FIGS. 10A to 10D show an example of a countermeasure to cope with the un-processed portions in the output waveforms. That is, a certain amount of data including data which are needed for cross-fade are extracted from the back-end portion of the signal waveform between the attacks in connection with the un-processed portion which is not processed during the prescribed time for the time-scale expansion process. Then, a part of the extracted data is subjected to cross-fading to provide substantial matching of data with respect to time. FIGS. 11A to 11D show a modified technique of the time-scale expansion process in which if there is a shortage of data for cross-fading in the time-scale expansion process, a specific part of data is repeatedly used to achieve the time-scale expansion. This technique is effective if a pointer interval is too large to process all the data.
FIGS. 12A to 12D show a technique that is effective for time-scale compression.

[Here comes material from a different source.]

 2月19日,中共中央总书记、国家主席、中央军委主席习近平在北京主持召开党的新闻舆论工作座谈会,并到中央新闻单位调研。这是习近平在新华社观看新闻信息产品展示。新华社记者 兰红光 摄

Like the aforementioned time-scale expansion, this technique performs a cross-fade operation on the un-processed portion in the time-scale compression. In this case, no shortage occurs in an amount of data being compressed, so a certain amount of data containing data which is needed for cross-fading is extracted from the back-end portion of the signal waveform between the attacks and is partially subjected to cross-fading.

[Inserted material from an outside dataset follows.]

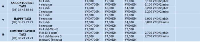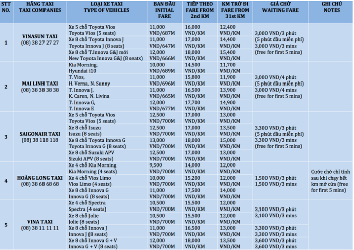 Bãi đỗ taxi nằm ngay ngoài ga đến của nhà ga quốc nội và quốc tế. Hiện có 8 hãng taxi được phép hoạt động tại Cảng HKQT Tân Sơn Nhất. Bạn có thể xem giá và số điện thoại của từng hãng trong bảng dưới đây:
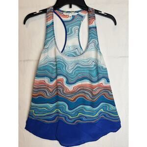 Trina Turk Multicolor Patterned Silk Agate Caspian Swirl Wave Racerback Size S

The aforementioned processes are described with regard to a monaural channel. Of course, they are applicable to stereo sound systems as well. That is, they are applicable to rhythm source signals which are stereo signals corresponding to left and right channels (Lch, Rch). However, if the aforementioned processes are effected independently on each of the signals of the left and right channels so that stereo sounds are being reproduced, there is a drawback in which sound localization is broadened. It is possible to offer reasons why the sound localization is broadened with respect to the stereo sounds being reproduced using the time-scale modification, as follows:
When the time-scale modification is effected independently on each of the left-channel signal and right-channel signal, cross-fade points may be shifted from each other between the left and right channels. This causes variations of phases between the left-channel and right-channel signals, so that sound localization is being greatly damaged.
To cope with the aforementioned drawback in the stereo sound system, it is possible to provide a time-scale modification apparatus shown in FIG. 13. Herein, an attack detection section 21 and a pointer control section 22 are provided to the input both of input signals of the left and right channels (Lch, Rch). In addition, time-scale modification processing sections 23, 24 are provided for the input signals Lch, Rch respectively. The attack detection section 21 performs attack detection processes respectively on the input signals Lch, Rch to detect “common” attack positions between the left and right channels. In addition, the pointer control section 22 performs pointer evaluation processes (or processes for determination of Lp) respectively on the input signals Lch, Rch to determine a “common” time length Lp between the left and right channels. Using the common attack positions and the common time length Lp, the time-scale modification processing sections 23, 24 perform time-scale modification processes respectively on the input signals Lch, Rch to produce output signals of the left and right channels. Thus, it is possible to prevent original sound localization from being damaged so much while suppressing phase variations between the left and right channels to the minimum.
Lastly, this invention can be provided in forms of storage devices or media such as floppy disks, hard disks, memory cards and the like, which store programs and data actualizing functions of the present embodiment. Or, programs and data of the present embodiment can be downloaded to a computer system to actualize the time-scale modification techniques from a computer network such as the Internet by way of MIDI terminals, for example.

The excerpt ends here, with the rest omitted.